There are so, so many ways in which our expectations of ourselves and others are not appropriate. Think about how adults exist in the working world. How many hours a week do you work? Under what conditions? What do you actually have choice and control over regarding your work? Do you feel respected by your bosses? Are your bosses respectable? Do you work through lunch? Can you take a break or go home early when you need to without punishment? If you are lucky, and have a lot of privilege, you may be able to have more control, more respect and have room for your own needs. The pandemic has highlighted companies who are doing well at this, those that are learning to do better at this and those who fail miserably.
How about our school systems? Does your child get enough sleep at night or are they doing homework or trying to socialize or play because they don’t have other times to do it? Are they so burnt out that they just zone out? Are they given work that meets their specific level of learning for each subject? Do they have the supports they need to learn it in the way that their brain works? How are they treated by staff and peers at school? Would they feel safe telling you or school staff when they aren’t ok? Or do they just keep going until they break because they haven’t been told and shown it’s ok to take care of themselves and ask to have their needs met. Do they know what their needs are?
Is it any wonder then that people zone out, play video games for hours and hours, drink too much, abuse each other, become sick physically and mentally? Is it any wonder that suicide rates are so high? That kids and teens are depressed and having panic attacks from early elementary school? Coping skills are not the solution for this.
The solution is to change our expectations of ourselves and others to be developmentally appropriate, individually appropriate, valuing of rest and relaxation, valuing of socializing and fun, actively supportive when someone is in need and proactively helping others to know what they need. We need a culture overhaul.
I totally get that this is such a big ask that it feels impossible. You cannot change a massive system by yourself, or even with a team composed of people you know. But you can be loud about inappropriate standards, and about how they affect you or your children. You may be able to opt out of things that are presented as being “just how things are”. The more privilege you have the more options you have here. So, do it not just for you and the ones you love, but also for the people who don’t have as much privilege or options like being loud safely, having people listen to their feelings and reality without negating or denying them, or opting out of situations that are not ok. If enough of us do this, it will begin to creep into the social consciousness and large organizations and groups will have to do things differently if they want business.
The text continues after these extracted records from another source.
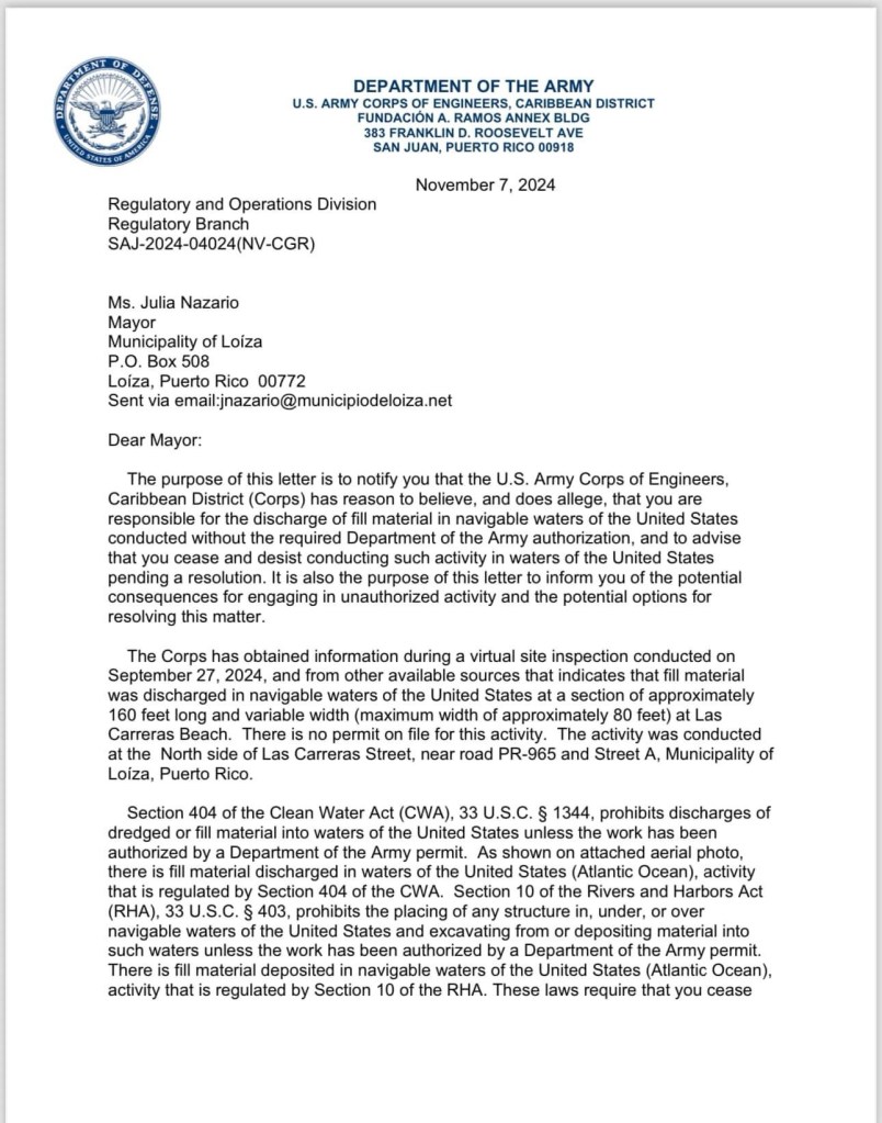 El Coronel del Cuerpo de Ingenieros del Ejército de Estados Unidos, Brandon L. Browman, envió el pasado 7 de noviembre, dos días después de las elecciones, una carta a la alcaldesa de Loíza Julia Nazario Fuentes, reelecta a un tercer término, por la colocación de gaviones en el litoral sin alegadamente los permisos correspondientes.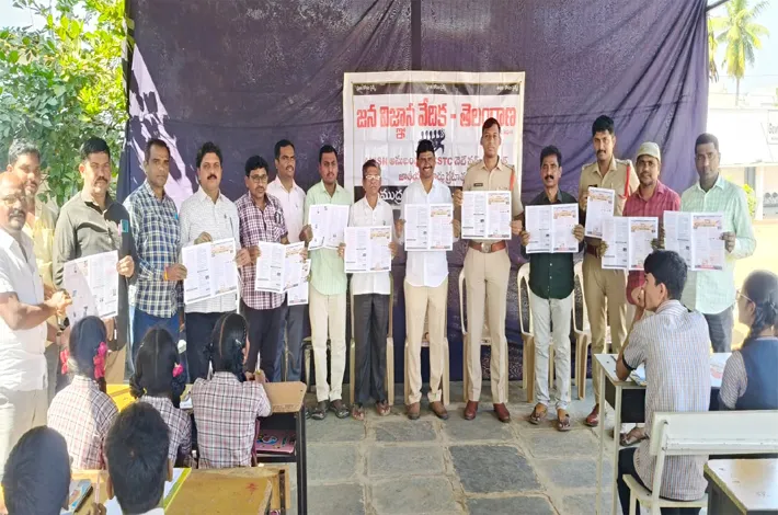 మహబూబాబాద్,(విజయక్రాంతి): విద్యార్థులు చిన్నతనం ఉండే శాస్త్రీయ దృక్పథాన్ని పెంపొందించుకోవాలని కేసముద్రం ఎస్ఐలు క్రాంతి కిరణ్, నరేష్, ఎంఈఓ యాదగిరి ఉద్బోధించారు. జనవిజ్ఞాన వేదిక ఆధ్వర్యంలో మహబూబాబాద్ జిల్లా కేసముద్రం పట్టణంలోని జిల్లా పరిషత్ సెకండరీ పాఠశాలలో చెకుముకి టాలెంట్ టెస్ట్ నిర్వహించారు. చెకుముకి టాలెంట్ టెస్ట్ లో కేసముద్రం స్టేషన్ హై స్కూల్ కు చెందిన బి.శ్రీకాంత్, ఎం నితీష్ ఎండి ఆఫ్ రా ప్రైవేట్ పాఠశాలల నుండి మొదటి బహుమతి శ్రీ వివేకవర్ధిని పాఠశాలకు చెందిన ఆర్.రఘువీర్, జి. శ్రీవిద్య, ఓం సాయి, రెసిడెన్షియల్ పాఠశాలలకు చెందిన ధరణి, నిఖిత, రమ్య ఎంపికయ్యారు. జన విజ్ఞాన వేదిక అధ్యక్షులు చిర్ర యాకాంతం గౌడ్ మాట్లాడుతూ... విద్యార్థులలో శాస్త్రీయ దృక్పథం పెంపొందించుటకు ఇలాంటి టెస్ట్ ల్లో విద్యార్థులు పాలుపంచుకోవాలన్నారు.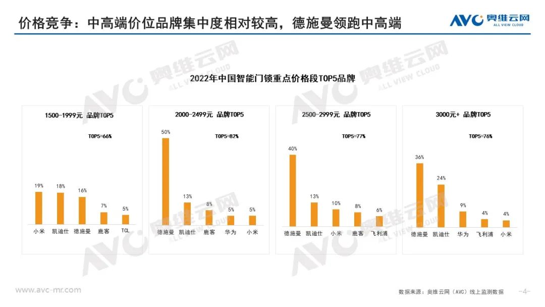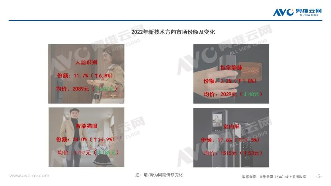 据奥维云网(AVC)线上监测数据显示,2022年人脸识别销量份额达到11.7%,较同期份额增长6.8%,均价2089元,较同期下降607元,人脸识别已成为行业重要竞争赛道,目前德施曼引领人脸识别赛道,凯迪仕紧随其后,并不断拉近差距;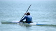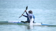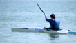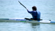 Close-up shot of a paraplegic athlete racing his kayak during a paracanoe competition on a river in Japan
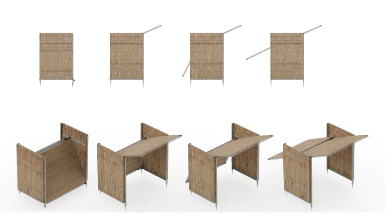 The cabin itself is a basic structure, which gives shade and a place for personal items. The frame is made of galvanized steel which is a durable material making a contrast with the annually regrowing reed.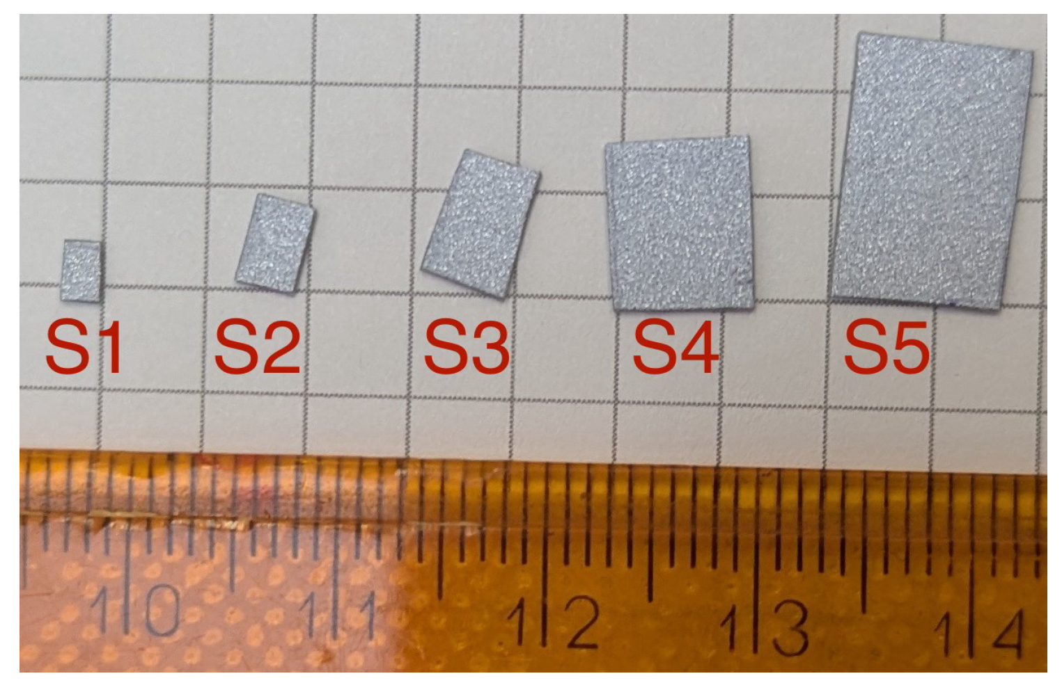 Weighing the whole sheet, calculating the area density, and multiplying it by the area of the used 3 × 4 mm tape yields a weight of 0.0056 g. Comparing this weight to the effective segments of the thicker and thinner strings, 4.4 g and 0.3 g, respectively, demonstrates how this additional weight can pose issues when measuring thin strings. Lighter reflective tapes were also tested but their lack of rigidity caused them to bend and sway when affixed to the string resulting in incorrect measurements. It should also be noted that the sticker can influence the string’s vibration not only through weight but through the increased resistance when moving against the air during vibration.
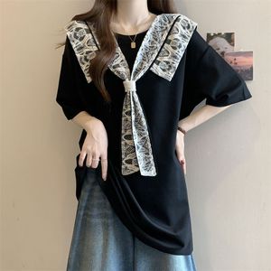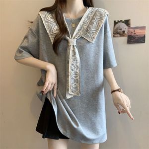 大きいサイズの西洋風レースステッチ右肩半袖Tシャツ女性用夏の新しいスタイルファットmmルーズスリミングミドル丈トップ

And this is what therapy is really for- to have a place to think about those feelings, your needs, and your wishes. To have a place to hear new ideas about what to do about them, and to talk through your ideas about what you want to do. To grieve past experiences that have left you stuck in a frame of thought and unable to move toward healthier ways of being. To think about how you think about yourself and others, and figure out better ways to think about both of those.
If this post has left you feeling overwhelmed, or sad or anxious that makes sense and is appropriate to the situation. Perhaps you need a minute to breath or go outside. Once you feel a little better then you can start to think about what these problems really are in your own personal experience, and begin the long and often slow, but important process of figuring out what to do about it.